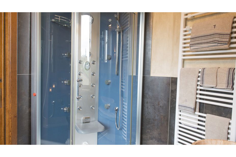 Ein Waschraum befindet sich im Badezimmer mit Dusche am Poolservice in der Nähe des Haupteingangs im Erdgeschoss.
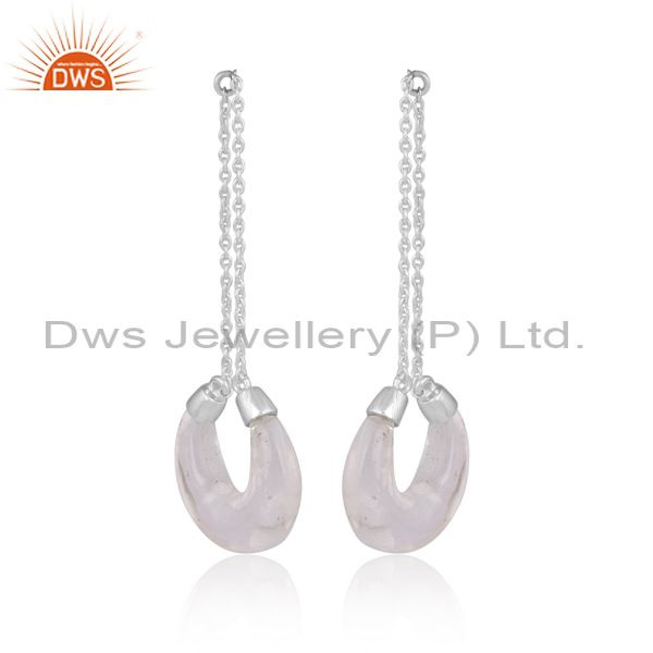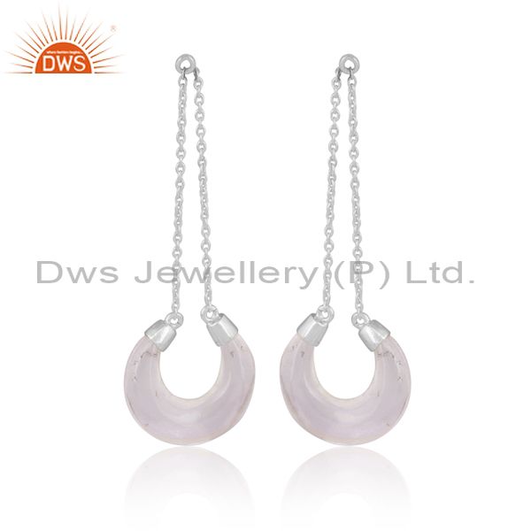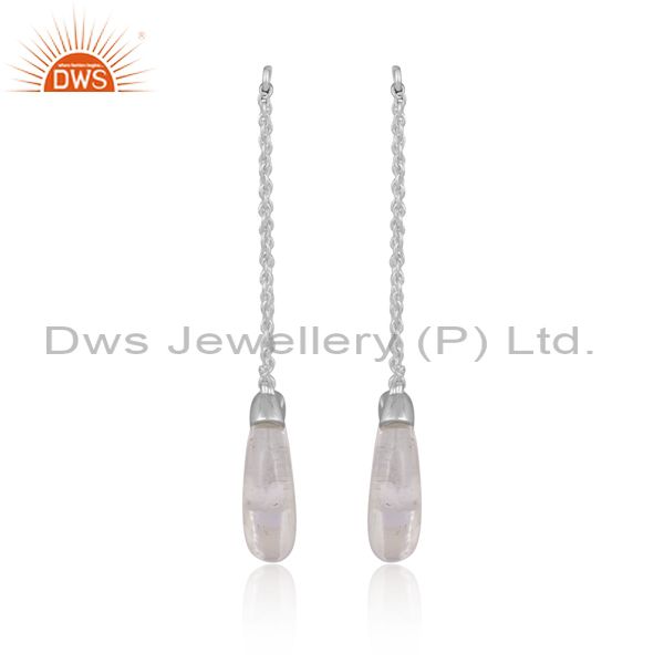 Crystal Quartz Set Fine Sterling Silver Long Drop Earrings
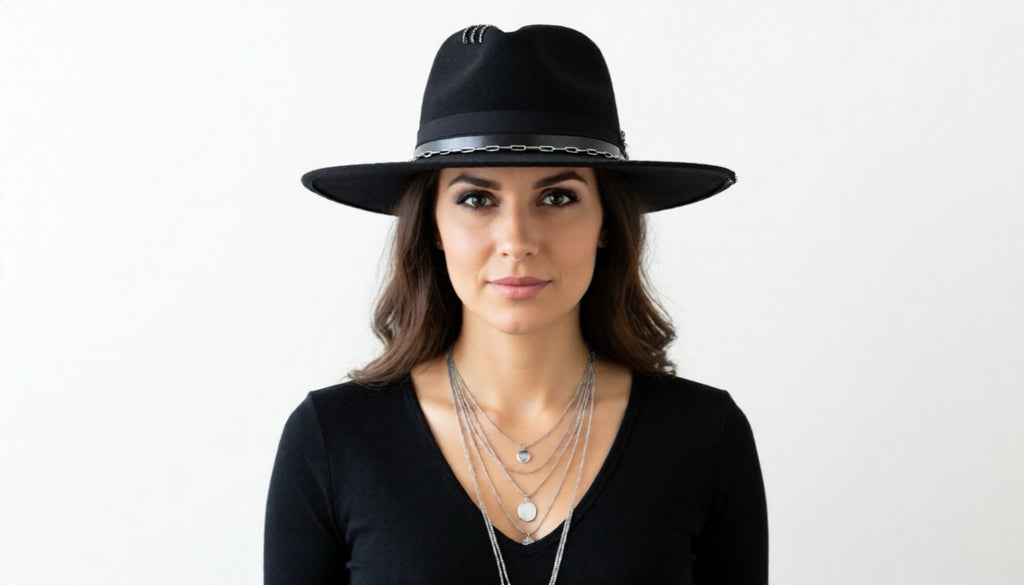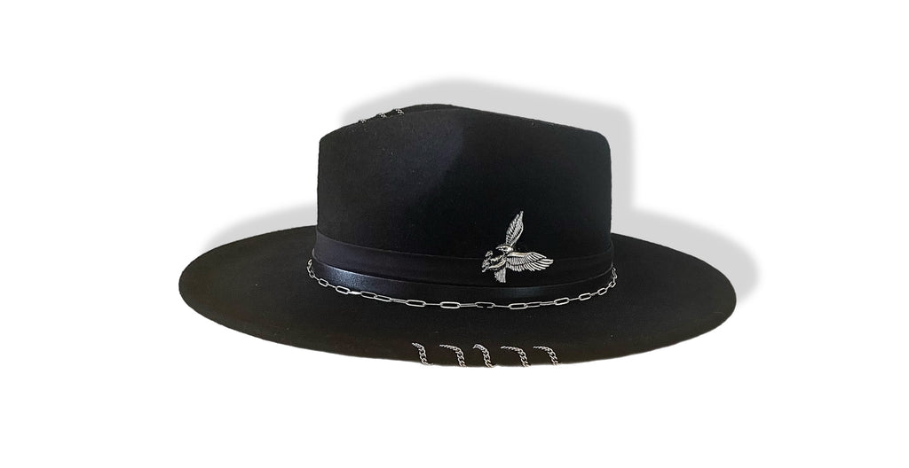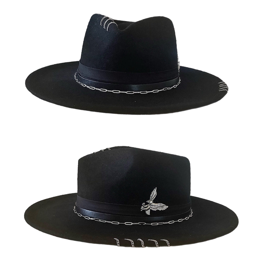Ce chapeau noir profond est sublimé par une fine chaîne argentée et un emblème d’aigle, symbole de liberté et de puissance. Chaque détail raconte une histoire de maîtrise et de style.
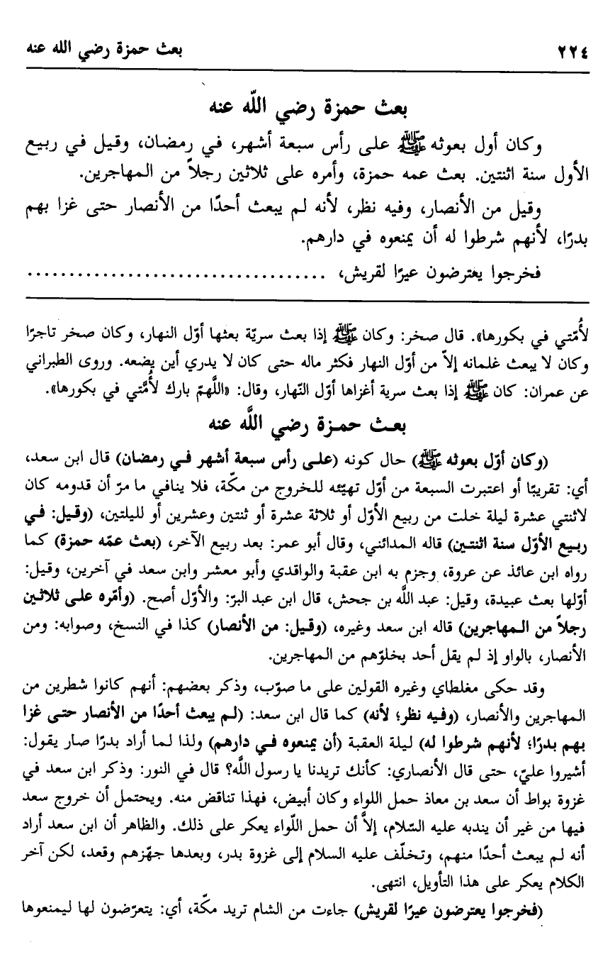 وكان أول بعوثه صلى الله عليه وسلم على رأس سبعة أشهر، في رمضان، وقيل في ربيع الأول سنة اثنتين. بعث عمه حمزة، وأمره على ثلاثين رجلا من المهاجرين.
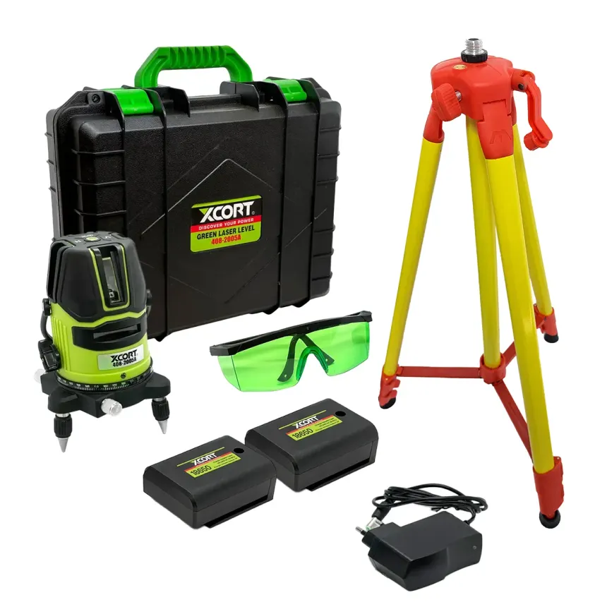 Niveau laser vert 4D XCORT, 5 lignes + trépied

---------------

WORK TASK: Go through the listing above and write it all out exactly, leaving out any picture.

OUTPUT OF THE EXERCISE:
 Ein Waschraum befindet sich im Badezimmer mit Dusche am Poolservice in der Nähe des Haupteingangs im Erdgeschoss.
 Crystal Quartz Set Fine Sterling Silver Long Drop Earrings
Ce chapeau noir profond est sublimé par une fine chaîne argentée et un emblème d’aigle, symbole de liberté et de puissance. Chaque détail raconte une histoire de maîtrise et de style.
 وكان أول بعوثه صلى الله عليه وسلم على رأس سبعة أشهر، في رمضان، وقيل في ربيع الأول سنة اثنتين. بعث عمه حمزة، وأمره على ثلاثين رجلا من المهاجرين.
 Niveau laser vert 4D XCORT, 5 lignes + trépied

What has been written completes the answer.